_Task directions_: An exact copy is needed of the lines from the one that contains "ファミマの新商品『旨み抹茶の" through the final line of the data below, with pictures left out.

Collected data
========

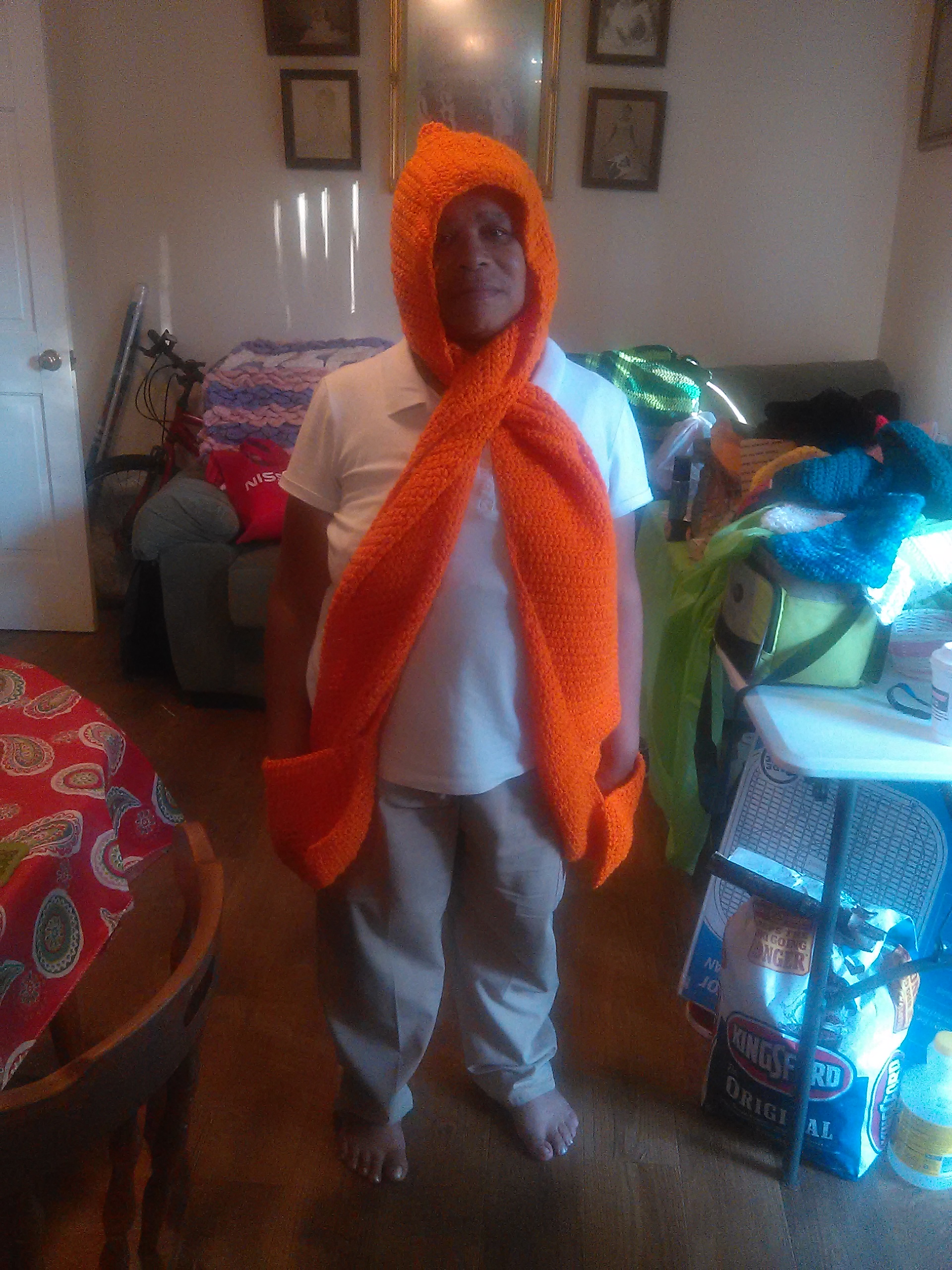 Crochet Hood Scarf will keep you nice and warm for the winter. the Scarf has pockets that will keep your hands nice and warm.
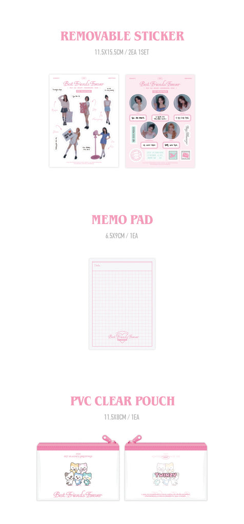 Desk Calendar + Diary + Mini Poster + Selfie Photocard + Removable Sticker + Memo Pad + PVC Clear Pouch + ID Photo + Polaroid + Message Card + Stamp Sticker
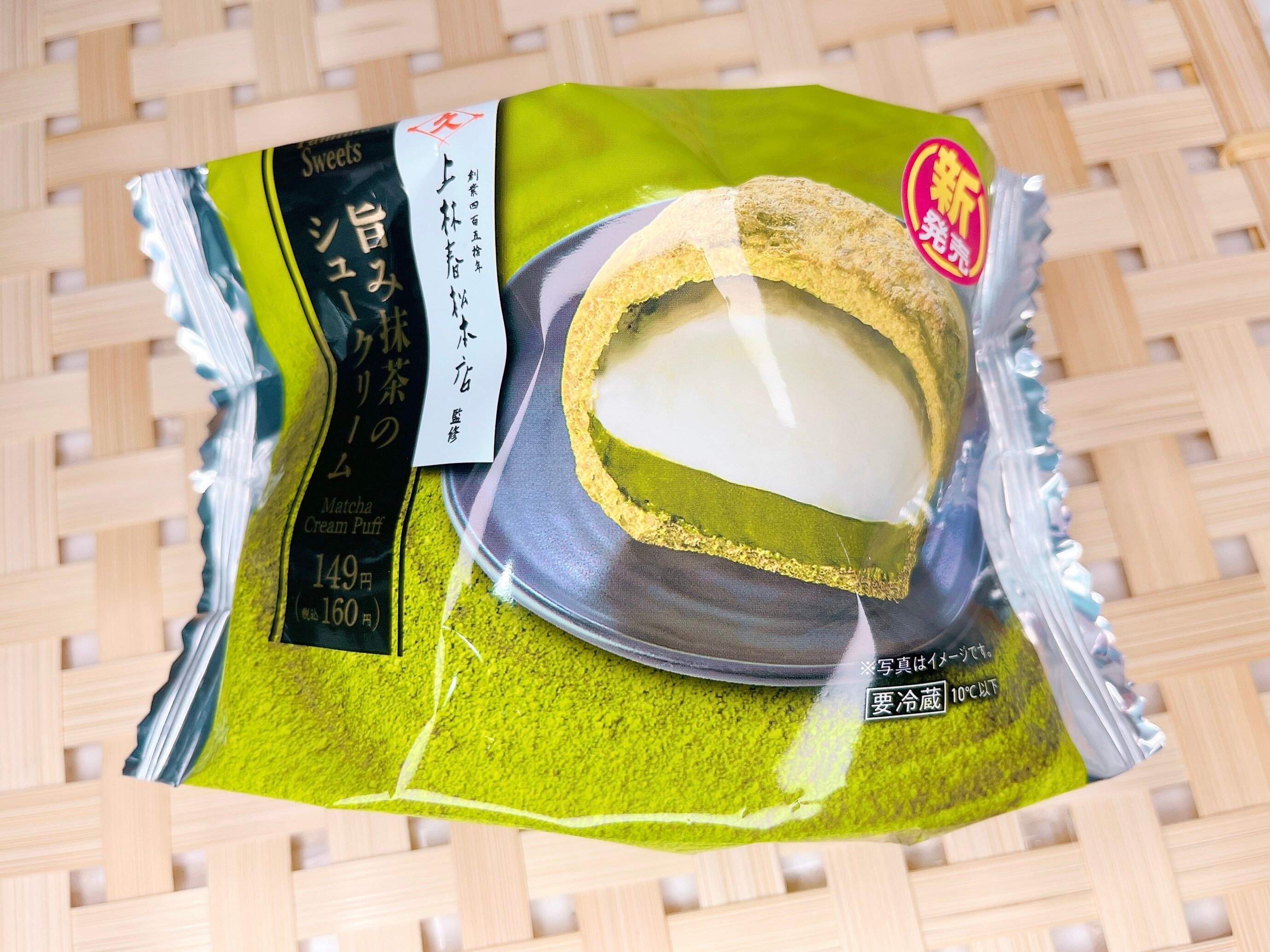 ファミマの新商品『旨み抹茶のシュークリーム』(160円)。創業四百五十年 上林春松本店監修の本格抹茶シュークリーム。
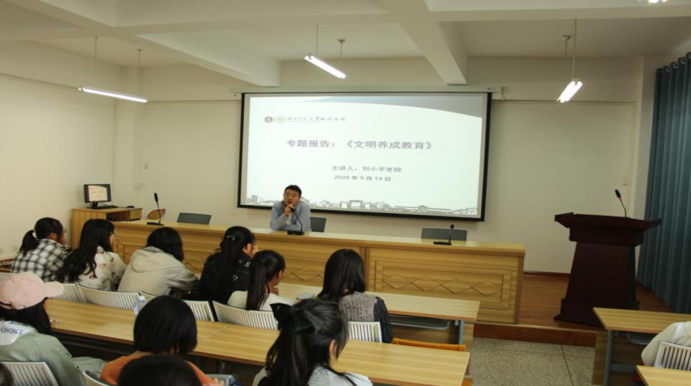 9月14号下午,8797威尼斯老品牌新生入学教育之文明养成教育在教学10号楼C区313室顺利进行,专职辅导员老师刘小平担任主讲人,2020级全体新生参加此次讲座。
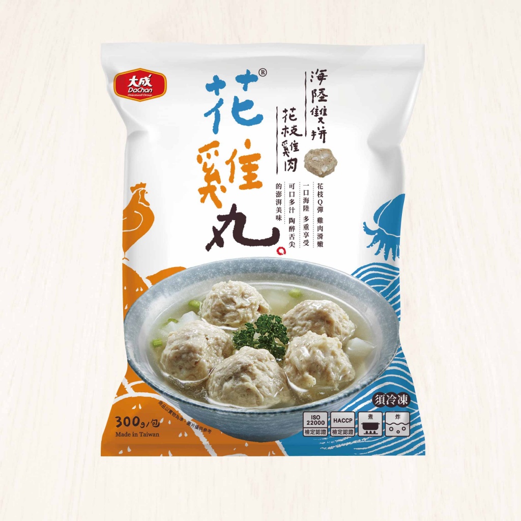 「花雞丸」品牌的創(chuàng)立起因於人員觀察臺(tái)灣家庭與火鍋餐飲市場(chǎng)丸類食用需求大增,惟原料及加工衛(wèi)生品質(zhì)一直被國(guó)人所擔(dān)憂,故決定以自身雞肉管理優(yōu)勢(shì),採(cǎi)用安全檢驗(yàn)過的雞肉與魚肉原料,經(jīng)過無(wú)數(shù)次口感與配方打樣調(diào)整,終於開發(fā)出了兼具雞肉咬感和海鮮Q彈的獨(dú)特口感、以「海陸雙拼、一次滿足」做為主打的全新創(chuàng)意丸類新品,並於2018年底推出第一款「花枝雞肉」口味丸子,成功打入眾多量販超市及餐飲市場(chǎng)!
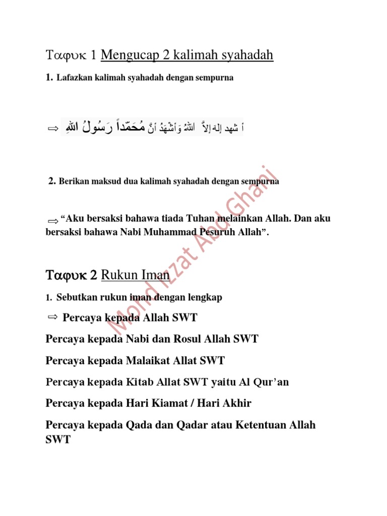 Dia perlu belajar melafazkan dua kalimah syahadah serta perkara perkara yang telah disebut tadi. Melafazkan kedua dua kalimah syahadah dengan berturut turut tanpa diselangi perbuatan lain mamahami makna kedua duanya mengikut bahasa yang difahami. 1 3 syahadah pertama laa ilaaha illallah syahadah pertama ialah mengucapkan tiada tuhan selain allah. Tidak syak atau ragu ragu akan kedua duanya.
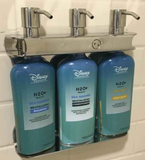 I’ve noticed that most Disney Resorts have done away with individual soaps and shampoos in favor of wall mounted dispensers:

========

_Solution for this problem_:
 ファミマの新商品『旨み抹茶のシュークリーム』(160円)。創業四百五十年 上林春松本店監修の本格抹茶シュークリーム。
 9月14号下午,8797威尼斯老品牌新生入学教育之文明养成教育在教学10号楼C区313室顺利进行,专职辅导员老师刘小平担任主讲人,2020级全体新生参加此次讲座。
 「花雞丸」品牌的創(chuàng)立起因於人員觀察臺(tái)灣家庭與火鍋餐飲市場(chǎng)丸類食用需求大增,惟原料及加工衛(wèi)生品質(zhì)一直被國(guó)人所擔(dān)憂,故決定以自身雞肉管理優(yōu)勢(shì),採(cǎi)用安全檢驗(yàn)過的雞肉與魚肉原料,經(jīng)過無(wú)數(shù)次口感與配方打樣調(diào)整,終於開發(fā)出了兼具雞肉咬感和海鮮Q彈的獨(dú)特口感、以「海陸雙拼、一次滿足」做為主打的全新創(chuàng)意丸類新品,並於2018年底推出第一款「花枝雞肉」口味丸子,成功打入眾多量販超市及餐飲市場(chǎng)!
 Dia perlu belajar melafazkan dua kalimah syahadah serta perkara perkara yang telah disebut tadi. Melafazkan kedua dua kalimah syahadah dengan berturut turut tanpa diselangi perbuatan lain mamahami makna kedua duanya mengikut bahasa yang difahami. 1 3 syahadah pertama laa ilaaha illallah syahadah pertama ialah mengucapkan tiada tuhan selain allah. Tidak syak atau ragu ragu akan kedua duanya.
 I’ve noticed that most Disney Resorts have done away with individual soaps and shampoos in favor of wall mounted dispensers:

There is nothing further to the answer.